Our previous work showed that dietary SBE improved the growth performance, antioxidant capacity, immunity, and intestinal health of yellow-feathered broilers [12]. In that growth-performance trial, supplementation at 100–200 mg/kg significantly increased final body weight and average daily gain and improved feed-to-gain ratio, whereas 300 mg/kg tended to depress growth performance; therefore, 100–200 mg/kg was recommended as the appropriate supplementation range under routine production conditions. Building on this physiological and production background, the present study focuses specifically on post-mortem meat quality traits in yellow-feathered broilers in order to clarify how different SBE inclusion levels modulate tenderness, color, flavor-related amino acids, and shelf-life indicators.

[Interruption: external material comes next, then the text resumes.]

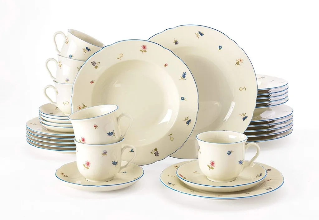1. Wahl, Porzellan, spülmaschinenfest, ofenfest, mikrowellengeeignet. Dieses Set besteht aus:6 Suppenteller 23 cm6 Speiseteller 25 cm6 Frühstücksteller 20 cm6 Kaffee-Obertasse 0,21 ltr. 6 Kombi-Untertasse 14,5 cm

Sensory characteristics are crucial for evaluating flavor quality and consumer acceptance. While consumers primarily select meat based on color, texture, flavor, and preference, traditional sensory evaluation is time-consuming and subjective. The e-nose offers an objective, rapid, sensitive, and efficient alternative for characterizing food aroma by mimicking human olfaction [19,20]. The results of this study indicated that dietary SBE supplementation positively influenced the sensory flavor attributes of chicken meat, particularly enhancing broth freshness and tenderness. Sensory scores revealed that the fresh flavor intensity scores for the SBE–50, SBE–300, and SBE–400 groups were significantly higher than those of the Blank group (p < 0.05), consistent with previous studies [21]. E-nose analysis demonstrated that the responses of the W1S and W5S were significantly lower, suggesting a reduction in the relative abundance of methyl analogs and nitrogen oxides. Since methyl analogs and nitrogen oxides are often associated with spoilage metabolites, their reduction suggests fresher flavors and fewer undesirable odors. This effect was particularly pronounced in the SBE–100 to SBE–300 range, indicating that medium to high doses of SBE are more effective in modulating volatile flavor compounds.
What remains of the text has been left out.